** Task prompt **
Somewhere below are a line with "Air quality and" and a later line with "Housing Turnover n". Output exactly those lines and all lines between them.

** Available data **
----
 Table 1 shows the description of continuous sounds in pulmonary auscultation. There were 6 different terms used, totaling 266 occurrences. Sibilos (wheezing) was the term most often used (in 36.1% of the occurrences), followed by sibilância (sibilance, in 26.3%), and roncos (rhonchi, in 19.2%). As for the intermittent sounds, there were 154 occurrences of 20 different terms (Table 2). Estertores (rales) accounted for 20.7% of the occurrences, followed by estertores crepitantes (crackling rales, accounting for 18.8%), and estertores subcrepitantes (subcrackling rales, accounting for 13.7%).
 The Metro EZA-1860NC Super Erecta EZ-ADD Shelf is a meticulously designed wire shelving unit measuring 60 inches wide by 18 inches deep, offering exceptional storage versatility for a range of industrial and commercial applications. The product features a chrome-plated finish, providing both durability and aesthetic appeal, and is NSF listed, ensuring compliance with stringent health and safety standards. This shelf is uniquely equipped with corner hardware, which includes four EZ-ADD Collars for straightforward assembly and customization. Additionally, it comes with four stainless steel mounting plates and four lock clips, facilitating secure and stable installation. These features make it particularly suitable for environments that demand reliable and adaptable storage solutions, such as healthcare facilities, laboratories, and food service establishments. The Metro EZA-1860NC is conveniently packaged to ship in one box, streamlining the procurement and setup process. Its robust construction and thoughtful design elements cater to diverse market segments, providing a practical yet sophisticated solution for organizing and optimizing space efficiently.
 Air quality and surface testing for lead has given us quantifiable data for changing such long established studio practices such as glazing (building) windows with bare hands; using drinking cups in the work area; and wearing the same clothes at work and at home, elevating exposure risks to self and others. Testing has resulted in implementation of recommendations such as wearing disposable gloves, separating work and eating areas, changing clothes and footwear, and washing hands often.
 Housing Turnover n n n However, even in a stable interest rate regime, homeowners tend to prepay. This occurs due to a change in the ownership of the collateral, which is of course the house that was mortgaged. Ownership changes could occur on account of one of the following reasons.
----
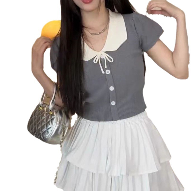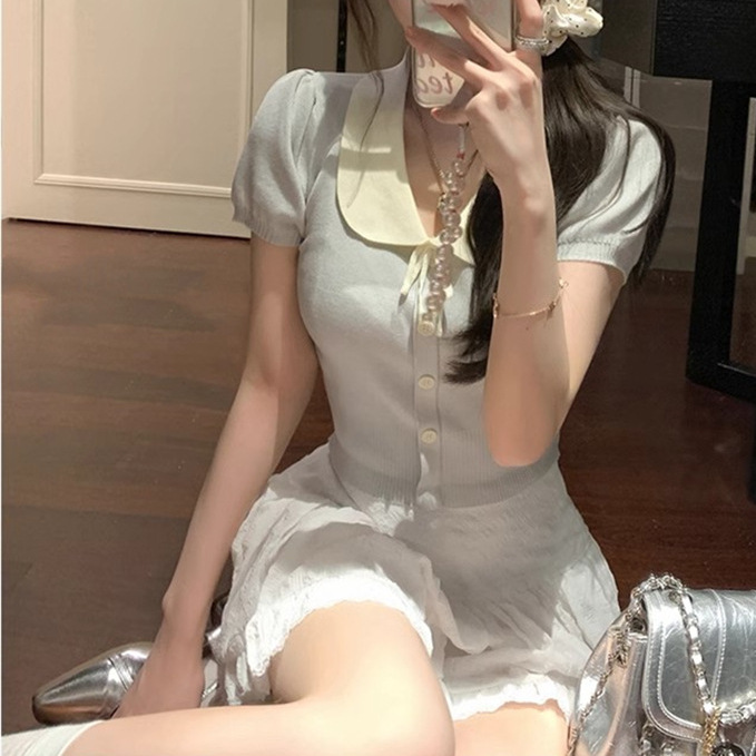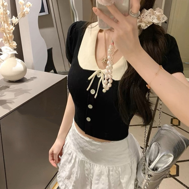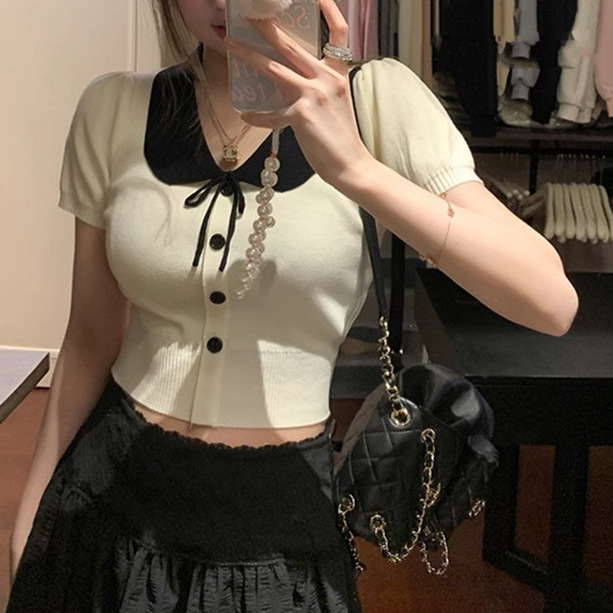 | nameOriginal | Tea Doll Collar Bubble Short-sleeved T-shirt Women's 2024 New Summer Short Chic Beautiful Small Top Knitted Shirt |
----
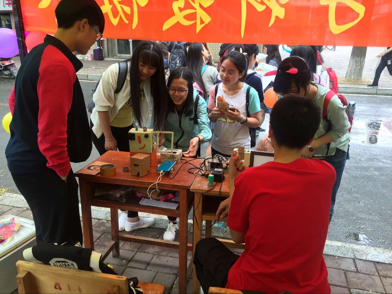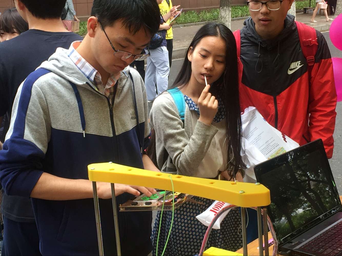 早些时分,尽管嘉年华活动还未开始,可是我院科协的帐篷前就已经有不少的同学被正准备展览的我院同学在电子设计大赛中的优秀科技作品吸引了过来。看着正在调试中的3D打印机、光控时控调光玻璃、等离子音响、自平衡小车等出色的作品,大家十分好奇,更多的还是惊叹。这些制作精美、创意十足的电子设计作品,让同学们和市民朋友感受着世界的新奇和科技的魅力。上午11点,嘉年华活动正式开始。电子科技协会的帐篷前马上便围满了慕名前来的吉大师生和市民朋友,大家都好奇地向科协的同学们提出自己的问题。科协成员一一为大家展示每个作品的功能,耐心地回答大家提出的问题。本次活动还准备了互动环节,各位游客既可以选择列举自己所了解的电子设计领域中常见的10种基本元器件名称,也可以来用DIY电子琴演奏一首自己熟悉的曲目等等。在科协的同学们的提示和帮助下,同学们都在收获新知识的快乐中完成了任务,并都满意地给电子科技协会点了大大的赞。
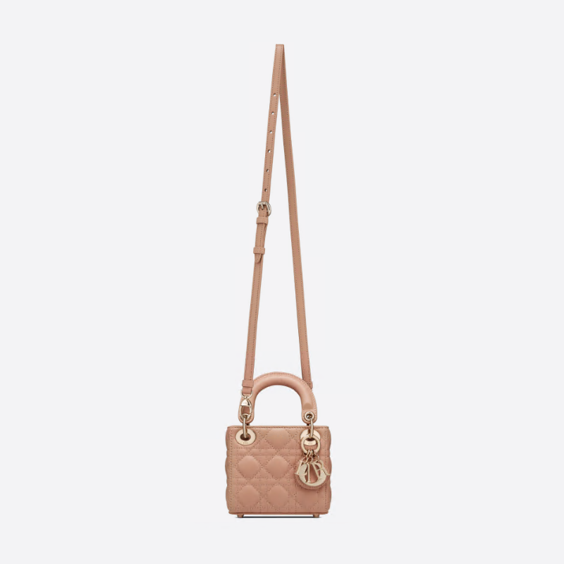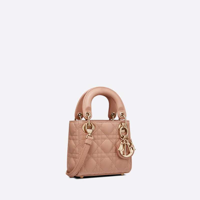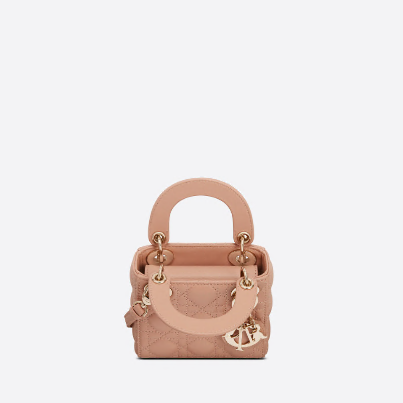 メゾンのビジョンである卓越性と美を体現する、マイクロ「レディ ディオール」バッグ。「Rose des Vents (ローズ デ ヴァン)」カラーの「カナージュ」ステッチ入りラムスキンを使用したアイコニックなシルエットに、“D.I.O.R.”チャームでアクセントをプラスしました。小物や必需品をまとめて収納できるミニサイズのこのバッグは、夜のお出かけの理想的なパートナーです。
----
** Written answer **
 Air quality and surface testing for lead has given us quantifiable data for changing such long established studio practices such as glazing (building) windows with bare hands; using drinking cups in the work area; and wearing the same clothes at work and at home, elevating exposure risks to self and others. Testing has resulted in implementation of recommendations such as wearing disposable gloves, separating work and eating areas, changing clothes and footwear, and washing hands often.
 Housing Turnover n n n However, even in a stable interest rate regime, homeowners tend to prepay. This occurs due to a change in the ownership of the collateral, which is of course the house that was mortgaged. Ownership changes could occur on account of one of the following reasons.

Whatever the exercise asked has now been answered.